*TASK DESCRIPTION*: Exclude the images and repeat all remaining entries exactly.

[Stored dataset items]

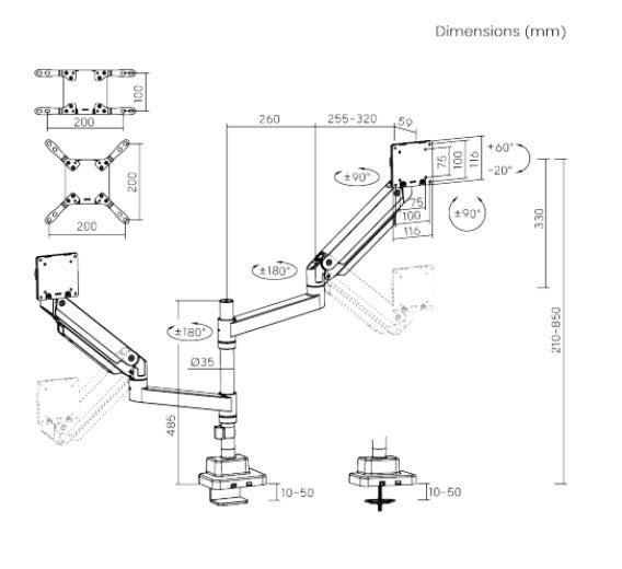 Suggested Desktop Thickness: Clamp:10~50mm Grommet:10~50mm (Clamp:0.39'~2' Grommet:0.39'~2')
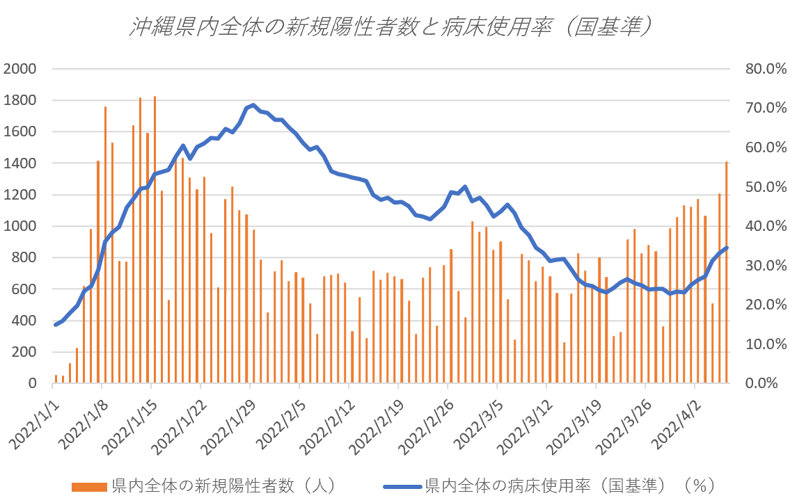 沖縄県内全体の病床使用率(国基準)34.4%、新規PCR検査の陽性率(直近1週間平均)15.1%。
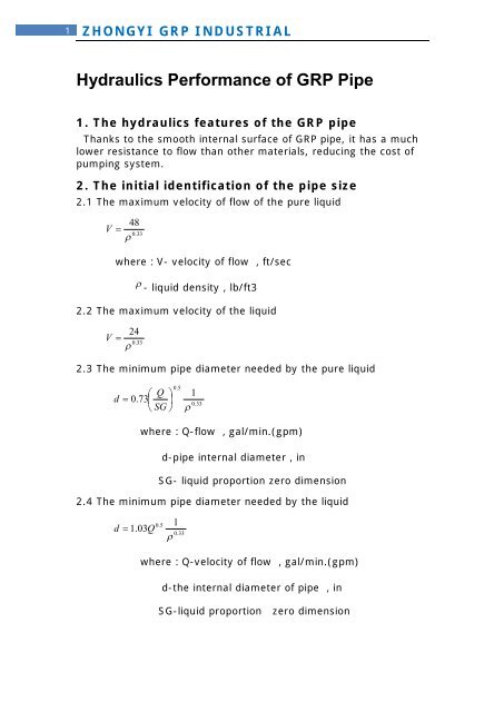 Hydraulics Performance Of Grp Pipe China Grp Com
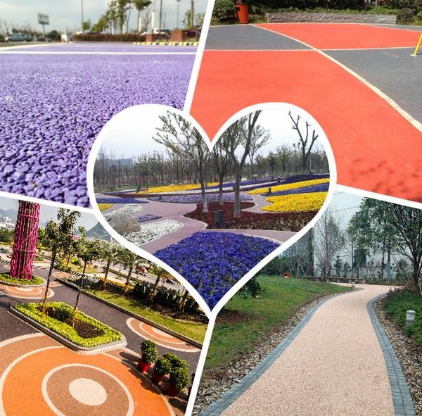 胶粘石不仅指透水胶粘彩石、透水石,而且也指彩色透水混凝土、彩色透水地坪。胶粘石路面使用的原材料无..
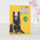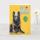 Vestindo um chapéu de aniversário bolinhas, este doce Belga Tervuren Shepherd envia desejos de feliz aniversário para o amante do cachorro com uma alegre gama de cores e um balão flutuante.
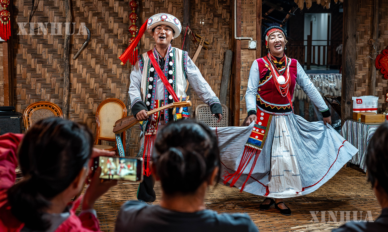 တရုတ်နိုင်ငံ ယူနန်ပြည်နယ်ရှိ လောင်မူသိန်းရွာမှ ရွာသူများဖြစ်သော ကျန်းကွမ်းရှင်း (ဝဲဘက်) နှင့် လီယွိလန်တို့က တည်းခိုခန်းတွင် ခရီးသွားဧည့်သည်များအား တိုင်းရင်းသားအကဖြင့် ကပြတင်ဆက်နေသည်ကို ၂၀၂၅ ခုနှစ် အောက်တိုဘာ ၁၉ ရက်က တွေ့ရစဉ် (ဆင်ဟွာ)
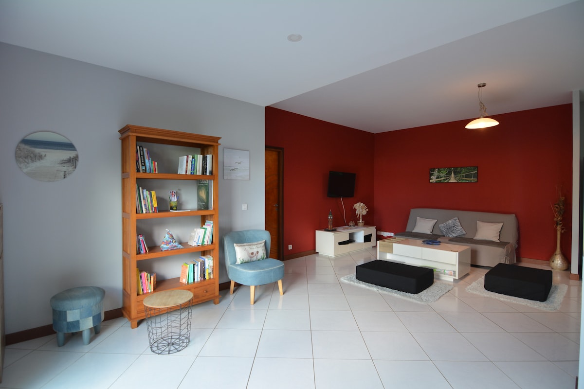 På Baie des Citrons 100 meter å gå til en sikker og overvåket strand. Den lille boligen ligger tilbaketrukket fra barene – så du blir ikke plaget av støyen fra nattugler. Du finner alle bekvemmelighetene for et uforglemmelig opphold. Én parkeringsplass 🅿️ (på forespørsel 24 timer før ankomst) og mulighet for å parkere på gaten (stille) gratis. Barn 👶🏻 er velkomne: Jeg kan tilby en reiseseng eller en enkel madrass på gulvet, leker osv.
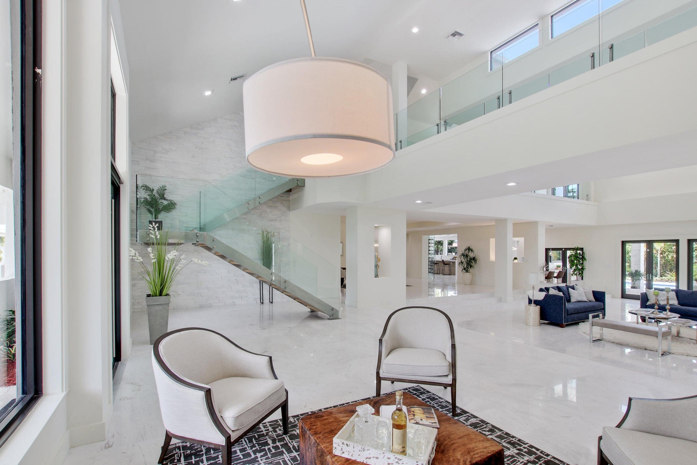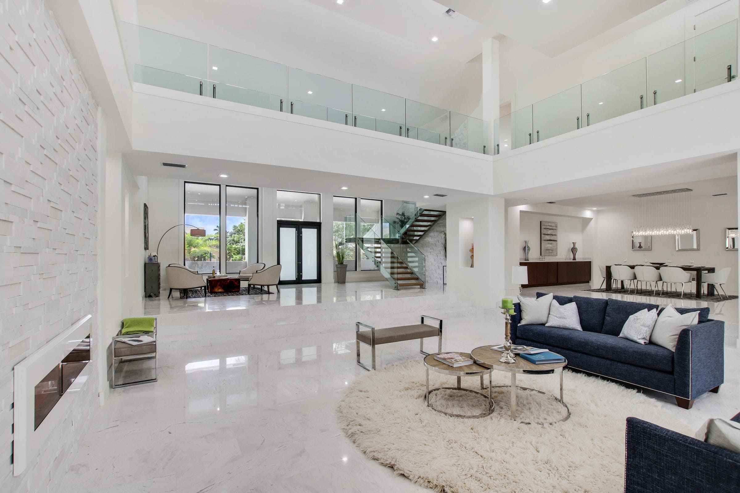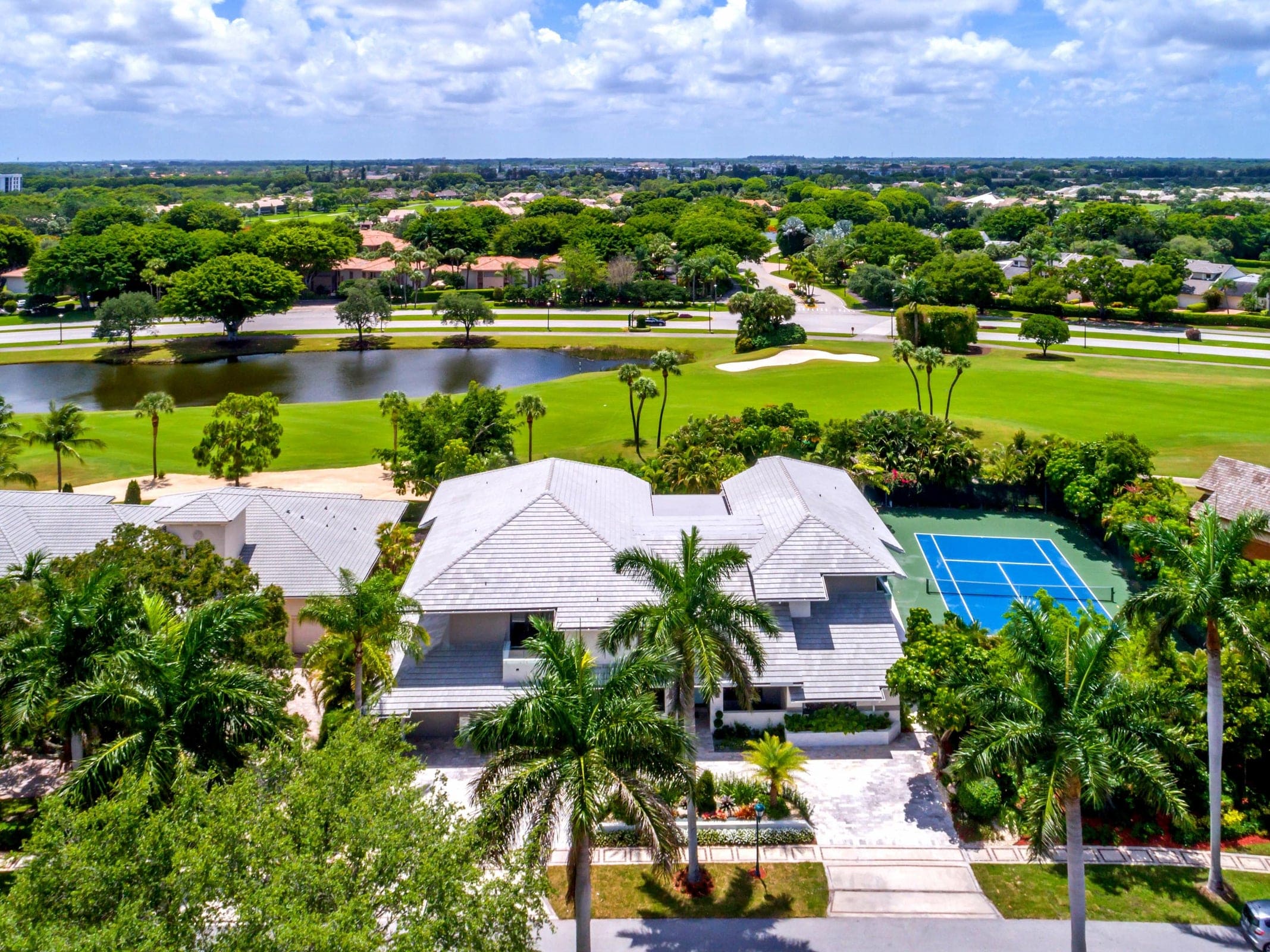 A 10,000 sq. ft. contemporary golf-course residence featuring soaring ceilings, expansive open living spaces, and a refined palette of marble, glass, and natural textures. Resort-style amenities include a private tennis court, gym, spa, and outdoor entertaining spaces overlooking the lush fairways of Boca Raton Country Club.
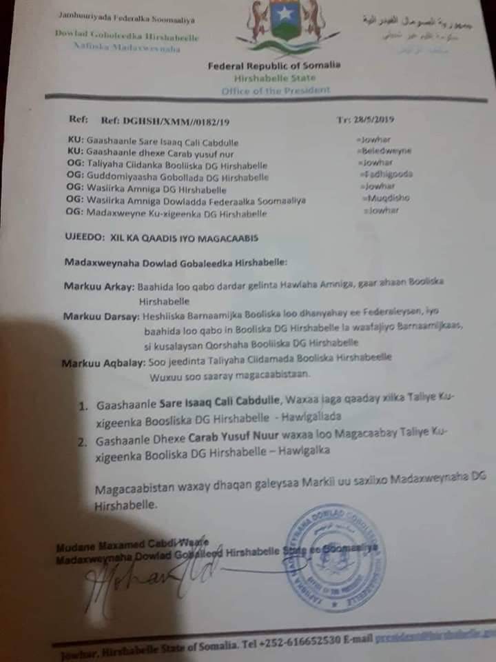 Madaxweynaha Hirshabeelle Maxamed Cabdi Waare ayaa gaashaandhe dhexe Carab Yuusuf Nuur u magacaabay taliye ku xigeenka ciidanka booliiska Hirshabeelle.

*COMPLETED EXERCISE*:
 Suggested Desktop Thickness: Clamp:10~50mm Grommet:10~50mm (Clamp:0.39'~2' Grommet:0.39'~2')
 沖縄県内全体の病床使用率(国基準)34.4%、新規PCR検査の陽性率(直近1週間平均)15.1%。
 Hydraulics Performance Of Grp Pipe China Grp Com
 胶粘石不仅指透水胶粘彩石、透水石,而且也指彩色透水混凝土、彩色透水地坪。胶粘石路面使用的原材料无..
 Vestindo um chapéu de aniversário bolinhas, este doce Belga Tervuren Shepherd envia desejos de feliz aniversário para o amante do cachorro com uma alegre gama de cores e um balão flutuante.
 တရုတ်နိုင်ငံ ယူနန်ပြည်နယ်ရှိ လောင်မူသိန်းရွာမှ ရွာသူများဖြစ်သော ကျန်းကွမ်းရှင်း (ဝဲဘက်) နှင့် လီယွိလန်တို့က တည်းခိုခန်းတွင် ခရီးသွားဧည့်သည်များအား တိုင်းရင်းသားအကဖြင့် ကပြတင်ဆက်နေသည်ကို ၂၀၂၅ ခုနှစ် အောက်တိုဘာ ၁၉ ရက်က တွေ့ရစဉ် (ဆင်ဟွာ)
 På Baie des Citrons 100 meter å gå til en sikker og overvåket strand. Den lille boligen ligger tilbaketrukket fra barene – så du blir ikke plaget av støyen fra nattugler. Du finner alle bekvemmelighetene for et uforglemmelig opphold. Én parkeringsplass 🅿️ (på forespørsel 24 timer før ankomst) og mulighet for å parkere på gaten (stille) gratis. Barn 👶🏻 er velkomne: Jeg kan tilby en reiseseng eller en enkel madrass på gulvet, leker osv.
 A 10,000 sq. ft. contemporary golf-course residence featuring soaring ceilings, expansive open living spaces, and a refined palette of marble, glass, and natural textures. Resort-style amenities include a private tennis court, gym, spa, and outdoor entertaining spaces overlooking the lush fairways of Boca Raton Country Club.
 Madaxweynaha Hirshabeelle Maxamed Cabdi Waare ayaa gaashaandhe dhexe Carab Yuusuf Nuur u magacaabay taliye ku xigeenka ciidanka booliiska Hirshabeelle.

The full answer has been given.